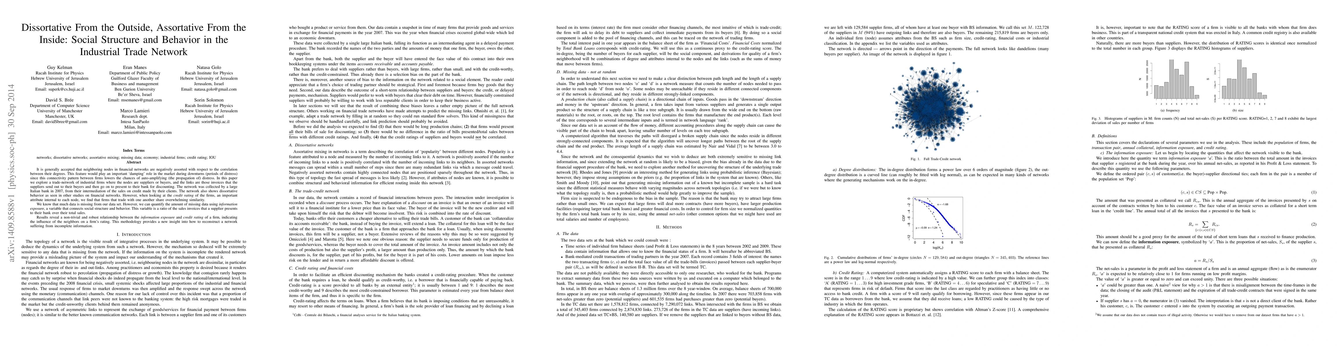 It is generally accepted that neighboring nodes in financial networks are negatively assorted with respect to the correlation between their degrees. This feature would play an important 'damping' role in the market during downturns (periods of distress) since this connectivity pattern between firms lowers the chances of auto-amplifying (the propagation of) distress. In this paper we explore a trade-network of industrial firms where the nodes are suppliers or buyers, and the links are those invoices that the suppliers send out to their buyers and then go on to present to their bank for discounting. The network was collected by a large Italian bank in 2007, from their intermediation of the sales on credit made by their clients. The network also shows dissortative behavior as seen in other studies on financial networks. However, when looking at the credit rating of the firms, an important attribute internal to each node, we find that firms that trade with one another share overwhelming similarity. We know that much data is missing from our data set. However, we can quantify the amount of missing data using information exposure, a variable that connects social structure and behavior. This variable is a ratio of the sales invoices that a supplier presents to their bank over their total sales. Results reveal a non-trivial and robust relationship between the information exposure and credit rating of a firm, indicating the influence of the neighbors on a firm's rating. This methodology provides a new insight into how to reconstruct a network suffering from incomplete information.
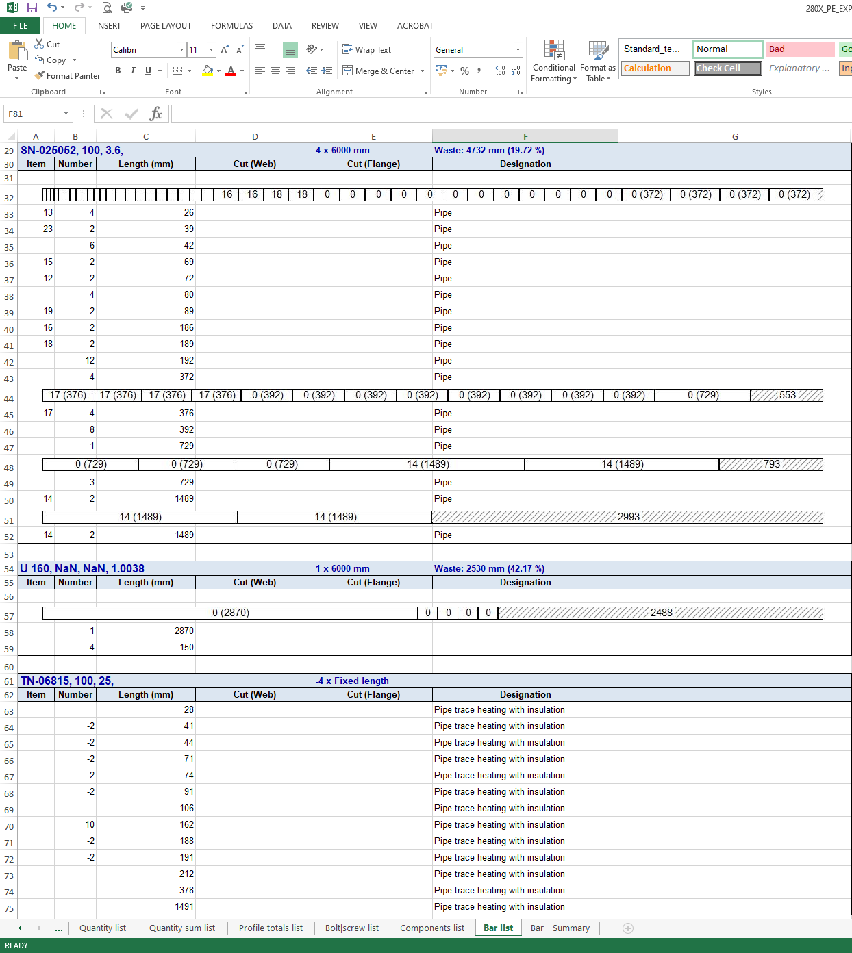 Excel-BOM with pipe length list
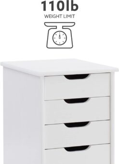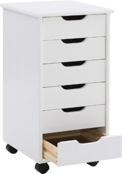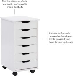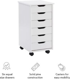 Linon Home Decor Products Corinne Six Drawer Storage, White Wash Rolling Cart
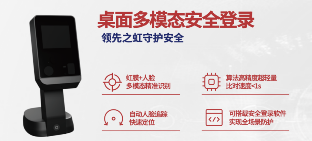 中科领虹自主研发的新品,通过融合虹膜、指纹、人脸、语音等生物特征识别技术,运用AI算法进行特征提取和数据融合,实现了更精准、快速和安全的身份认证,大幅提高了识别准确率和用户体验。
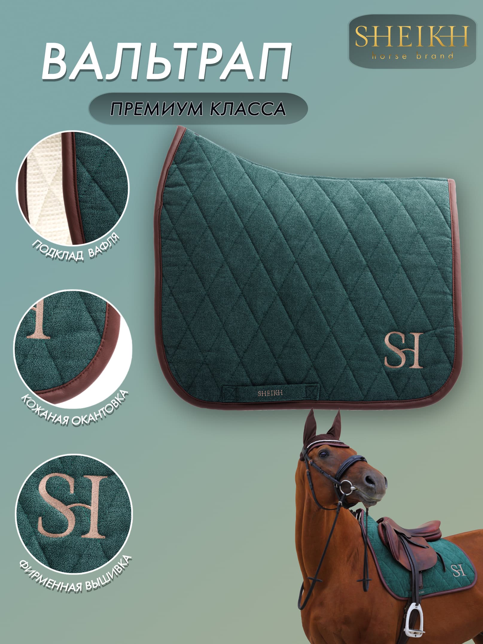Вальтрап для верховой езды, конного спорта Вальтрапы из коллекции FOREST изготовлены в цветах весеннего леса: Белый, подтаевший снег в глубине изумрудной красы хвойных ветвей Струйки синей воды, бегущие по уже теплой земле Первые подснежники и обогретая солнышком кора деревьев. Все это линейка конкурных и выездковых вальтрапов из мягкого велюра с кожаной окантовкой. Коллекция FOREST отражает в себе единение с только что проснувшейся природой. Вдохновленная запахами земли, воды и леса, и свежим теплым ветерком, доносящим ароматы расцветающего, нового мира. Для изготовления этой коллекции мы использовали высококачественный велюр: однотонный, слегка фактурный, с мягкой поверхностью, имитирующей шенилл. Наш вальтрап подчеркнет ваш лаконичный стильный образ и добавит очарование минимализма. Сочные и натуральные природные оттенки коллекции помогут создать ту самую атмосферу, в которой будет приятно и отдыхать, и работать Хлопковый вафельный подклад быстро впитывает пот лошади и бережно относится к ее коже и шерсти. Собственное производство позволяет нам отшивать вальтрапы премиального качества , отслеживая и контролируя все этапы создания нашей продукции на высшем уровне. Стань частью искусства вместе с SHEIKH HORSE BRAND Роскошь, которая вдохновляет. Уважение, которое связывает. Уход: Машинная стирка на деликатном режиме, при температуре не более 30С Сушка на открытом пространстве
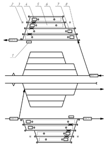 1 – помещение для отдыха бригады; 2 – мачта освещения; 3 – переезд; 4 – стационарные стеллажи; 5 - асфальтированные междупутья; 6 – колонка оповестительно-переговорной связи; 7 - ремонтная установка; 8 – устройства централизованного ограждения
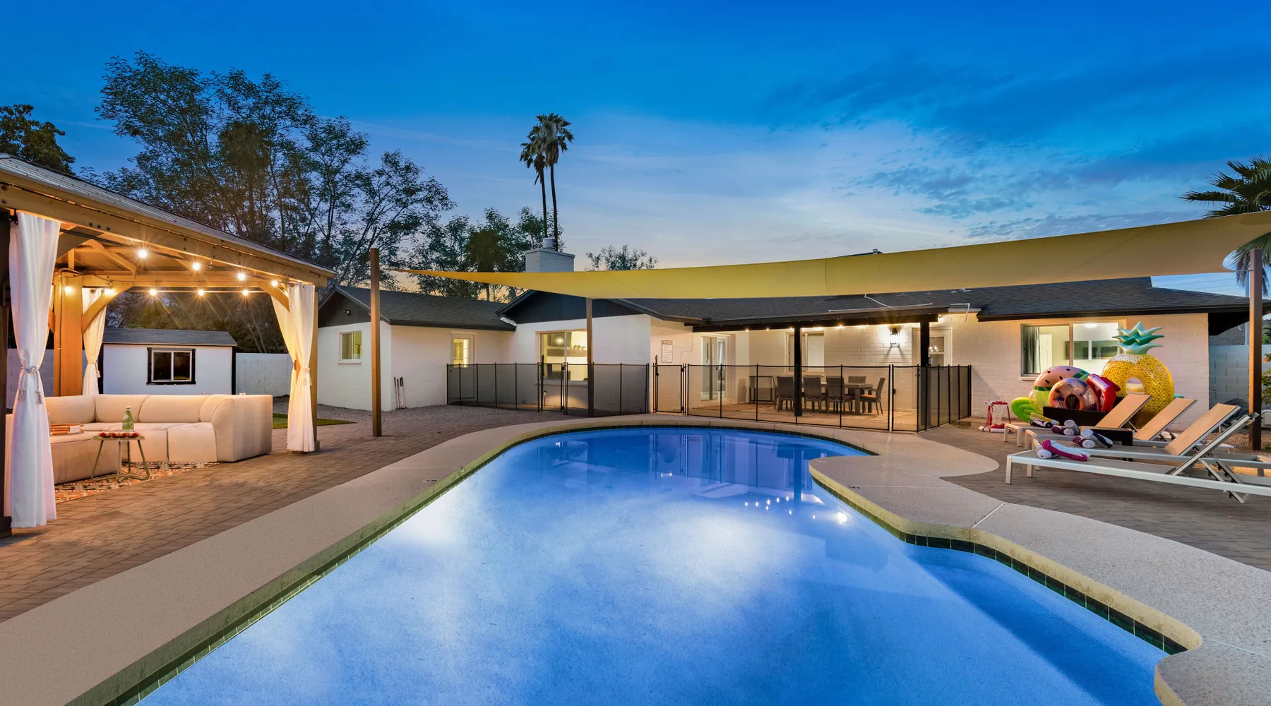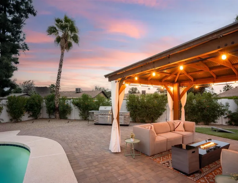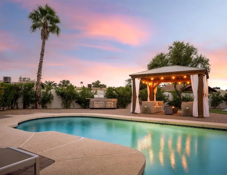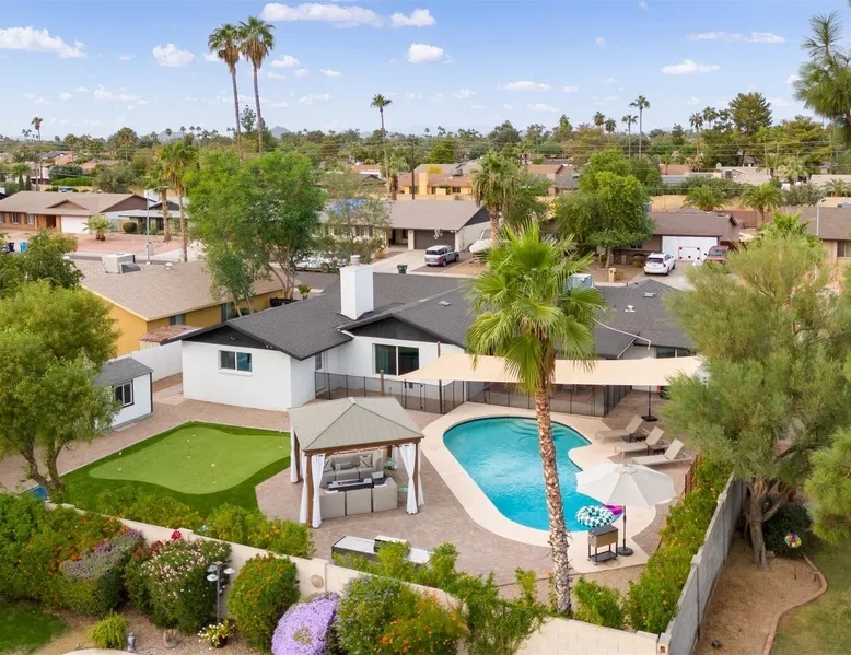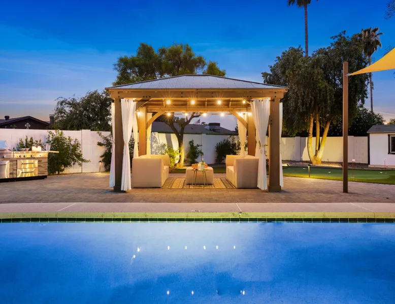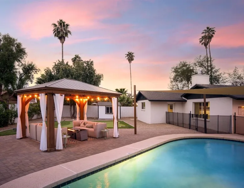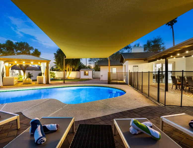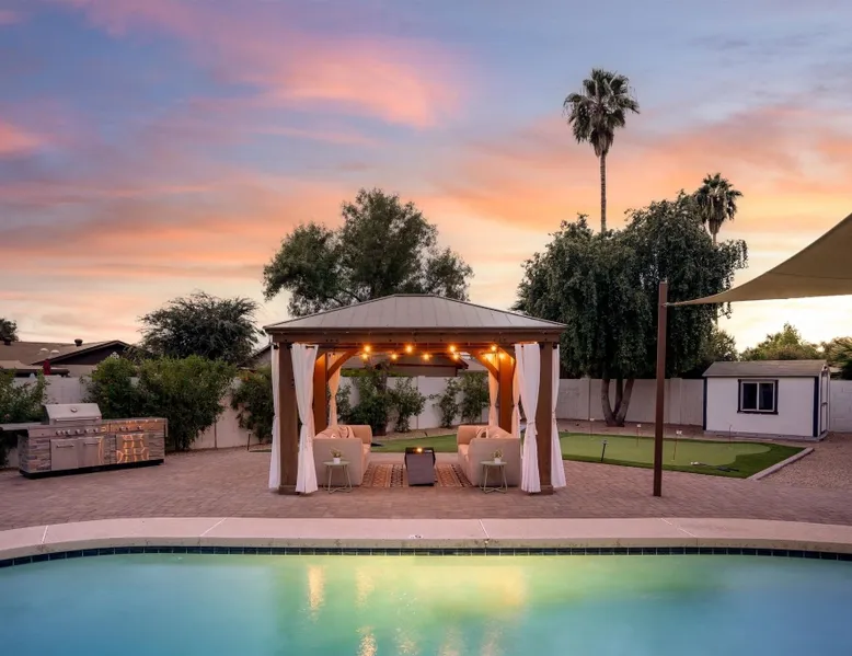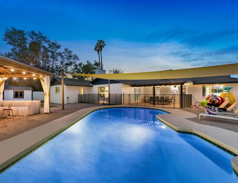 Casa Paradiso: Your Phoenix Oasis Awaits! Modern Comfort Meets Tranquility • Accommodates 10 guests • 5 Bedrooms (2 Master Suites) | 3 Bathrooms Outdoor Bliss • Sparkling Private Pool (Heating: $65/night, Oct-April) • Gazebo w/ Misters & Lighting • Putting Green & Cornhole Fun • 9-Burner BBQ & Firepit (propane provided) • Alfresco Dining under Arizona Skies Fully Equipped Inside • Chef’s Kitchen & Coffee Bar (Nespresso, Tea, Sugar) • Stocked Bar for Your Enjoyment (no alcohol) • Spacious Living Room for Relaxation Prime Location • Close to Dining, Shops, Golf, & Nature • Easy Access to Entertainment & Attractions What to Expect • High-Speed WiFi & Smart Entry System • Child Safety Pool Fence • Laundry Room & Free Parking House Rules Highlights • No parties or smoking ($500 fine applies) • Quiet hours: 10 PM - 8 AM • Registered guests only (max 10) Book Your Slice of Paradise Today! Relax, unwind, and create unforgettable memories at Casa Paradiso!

## YOUR TASK
Please output all of the entries exactly as they appear, with no pictures.

## SOLUTION
 It is generally accepted that neighboring nodes in financial networks are negatively assorted with respect to the correlation between their degrees. This feature would play an important 'damping' role in the market during downturns (periods of distress) since this connectivity pattern between firms lowers the chances of auto-amplifying (the propagation of) distress. In this paper we explore a trade-network of industrial firms where the nodes are suppliers or buyers, and the links are those invoices that the suppliers send out to their buyers and then go on to present to their bank for discounting. The network was collected by a large Italian bank in 2007, from their intermediation of the sales on credit made by their clients. The network also shows dissortative behavior as seen in other studies on financial networks. However, when looking at the credit rating of the firms, an important attribute internal to each node, we find that firms that trade with one another share overwhelming similarity. We know that much data is missing from our data set. However, we can quantify the amount of missing data using information exposure, a variable that connects social structure and behavior. This variable is a ratio of the sales invoices that a supplier presents to their bank over their total sales. Results reveal a non-trivial and robust relationship between the information exposure and credit rating of a firm, indicating the influence of the neighbors on a firm's rating. This methodology provides a new insight into how to reconstruct a network suffering from incomplete information.
 Excel-BOM with pipe length list
 Linon Home Decor Products Corinne Six Drawer Storage, White Wash Rolling Cart
 中科领虹自主研发的新品,通过融合虹膜、指纹、人脸、语音等生物特征识别技术,运用AI算法进行特征提取和数据融合,实现了更精准、快速和安全的身份认证,大幅提高了识别准确率和用户体验。
Вальтрап для верховой езды, конного спорта Вальтрапы из коллекции FOREST изготовлены в цветах весеннего леса: Белый, подтаевший снег в глубине изумрудной красы хвойных ветвей Струйки синей воды, бегущие по уже теплой земле Первые подснежники и обогретая солнышком кора деревьев. Все это линейка конкурных и выездковых вальтрапов из мягкого велюра с кожаной окантовкой. Коллекция FOREST отражает в себе единение с только что проснувшейся природой. Вдохновленная запахами земли, воды и леса, и свежим теплым ветерком, доносящим ароматы расцветающего, нового мира. Для изготовления этой коллекции мы использовали высококачественный велюр: однотонный, слегка фактурный, с мягкой поверхностью, имитирующей шенилл. Наш вальтрап подчеркнет ваш лаконичный стильный образ и добавит очарование минимализма. Сочные и натуральные природные оттенки коллекции помогут создать ту самую атмосферу, в которой будет приятно и отдыхать, и работать Хлопковый вафельный подклад быстро впитывает пот лошади и бережно относится к ее коже и шерсти. Собственное производство позволяет нам отшивать вальтрапы премиального качества , отслеживая и контролируя все этапы создания нашей продукции на высшем уровне. Стань частью искусства вместе с SHEIKH HORSE BRAND Роскошь, которая вдохновляет. Уважение, которое связывает. Уход: Машинная стирка на деликатном режиме, при температуре не более 30С Сушка на открытом пространстве
 1 – помещение для отдыха бригады; 2 – мачта освещения; 3 – переезд; 4 – стационарные стеллажи; 5 - асфальтированные междупутья; 6 – колонка оповестительно-переговорной связи; 7 - ремонтная установка; 8 – устройства централизованного ограждения
 Casa Paradiso: Your Phoenix Oasis Awaits! Modern Comfort Meets Tranquility • Accommodates 10 guests • 5 Bedrooms (2 Master Suites) | 3 Bathrooms Outdoor Bliss • Sparkling Private Pool (Heating: $65/night, Oct-April) • Gazebo w/ Misters & Lighting • Putting Green & Cornhole Fun • 9-Burner BBQ & Firepit (propane provided) • Alfresco Dining under Arizona Skies Fully Equipped Inside • Chef’s Kitchen & Coffee Bar (Nespresso, Tea, Sugar) • Stocked Bar for Your Enjoyment (no alcohol) • Spacious Living Room for Relaxation Prime Location • Close to Dining, Shops, Golf, & Nature • Easy Access to Entertainment & Attractions What to Expect • High-Speed WiFi & Smart Entry System • Child Safety Pool Fence • Laundry Room & Free Parking House Rules Highlights • No parties or smoking ($500 fine applies) • Quiet hours: 10 PM - 8 AM • Registered guests only (max 10) Book Your Slice of Paradise Today! Relax, unwind, and create unforgettable memories at Casa Paradiso!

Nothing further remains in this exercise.